To Pool, being the galley wench is not just a playful name, it's her identity. She's hosted the "Galley Wench's cooking show" for the last six years, and has catered events and taught cooking classes dressed in a bodice, a female article of clothing commonly seen in the Pirates of the Caribbean movies, and a skirt. This summer she created a mobile food service of the same name -- The Galley Wench -- and has traveled the central Peninsula area feeding residents with her Alaska-inspired creations.

"I haven't seen another chef yet that cooks in bodices and skirts, especially in Alaska," Pool said. "I bring a surprise because I'm not billing myself as a chef -- I'm billing myself as a galley wench."

Pool learned the art of cooking early on by watching her father, a master chef (the highest level of certification possible in American culinary arts), cook in his restaurant.

"I grew up in a kitchen from the time I was a baby," Pool said. "So I've always been in a kitchen -- it's like breathing."

Outside of the kitchen, Pool would immerse herself in Jack London and Walt Morey stories about Alaska adventures.
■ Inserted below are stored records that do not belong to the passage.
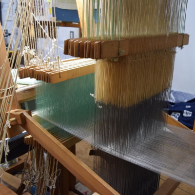 京都西賀茂にて、ぎをん齋藤で販売する西陣織帯を手機で制作しています。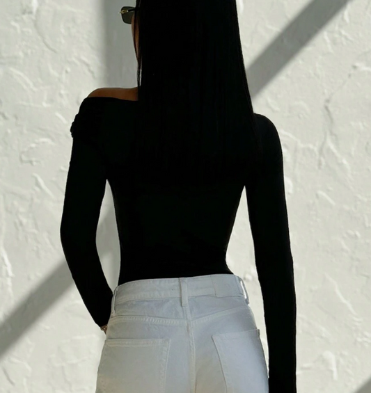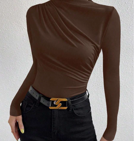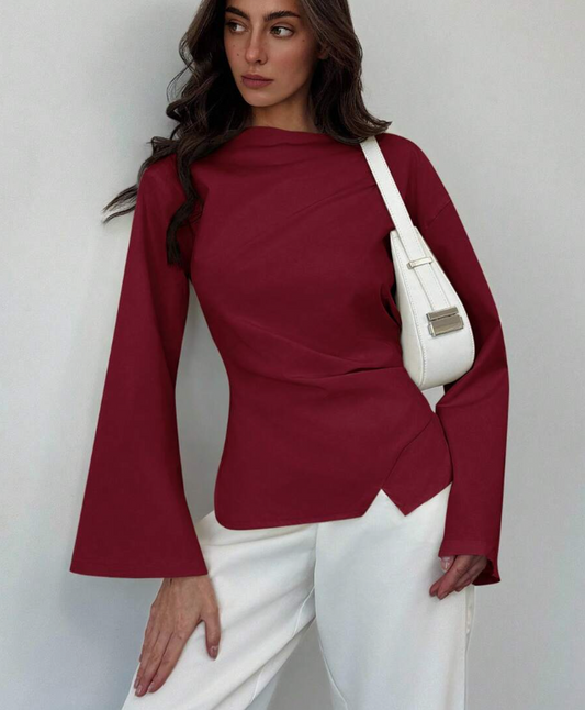 חולצת עטיפה עם שרוולים ארוכים בצבע חלק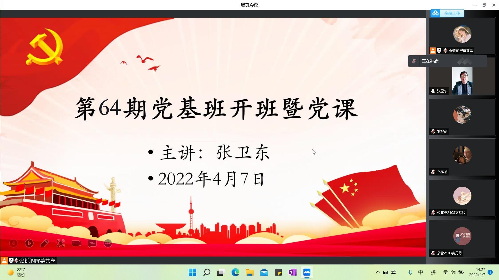为提高入党积极分子的党性修养,端正入党动机,4月7日,英国365集团于线上举办第六十四期党基班开班仪式暨党课,学院党委副书记张卫东担任主讲人,第六十四期党基班全体学员与会学习。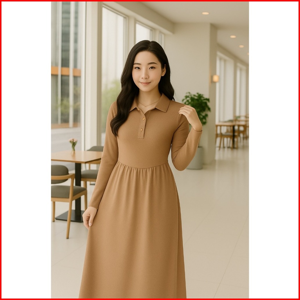 Kaleena Long Dress Wanita Lengan Panjang Gaun Casual Midi Casual Dewasa Baju Pesta Remaja

What she read would lead her to an adventure of her own.

"I just always wanted to be here," she said.

When Pool was 16, she got her chance. After she was through with college, she found herself on the beach in Kasilof where she got a job babysitting for fishermen.

"I spent my first summer on Kasilof Beach Road in a big Army tent on the beach," Pool said. "It was awesome, quite an adventure when you're 16, you know."

After stints working in chef whites (the common chef attire), Pool wanted to do something new.

This summer she bought a van and transformed it into the a mobile food vessel. Her goal is to show people what they can do with Alaskan ingredients in-person instead of behind a microphone.

"I thought a van is a good way to do that," she said. "Alaska does have some of the best ingredients in the world, you know.

"Nobody has salmon as good as we do, nobody has halibut as good as we do."

In addition to her mobile food serving van, Pool will be releasing her book, "The Galley Wench's Recipe Book", as well as spices and sauces that she will introduce in the future.

Pool has always been allured by the Alaskan wilderness, which was one of the inspirations for her mobile operation.

"Alaska is just so beautiful it would really suck so bad to be stuck in a kitchen and never see anything but those four walls all the time," she said.

Being mobile allows her to get to where the scenery is most appealing, she said.

"I can park where I can watch the inlet and the sunset or sunrise," Pool said. "You can get yourself into some very beautiful places because Alaska is full of them."

Pool has been parking her van for lunch in front of Nikko Gardens on the Kenai Spur Highway on Mondays and Midway Auto Park on Tuesdays.

"It's very kind of them to let me start out in their spots," Pool said.
The menu consists of a razor clam chowder and a caribou and buffalo chili, which, Pool said, is authentic because there are no tomatoes in the recipe.

"It's just meat and beans and onions and spices -- it's really good," she said.

She can sell 50 servings of chili, and managed to sell out of her supply Monday at Nikko Gardens. Dave Cole, of Soldotna was one of many who stopped by.

"I saw her when I was driving down the road -- I saw her sign while she was parked at Nikko Gardens," Cole said.

Cole was so impressed he returned to the van on Tuesday for a second helping.

"I found my new soup girl," he said. "I should say she likes to be called the Galley Wench."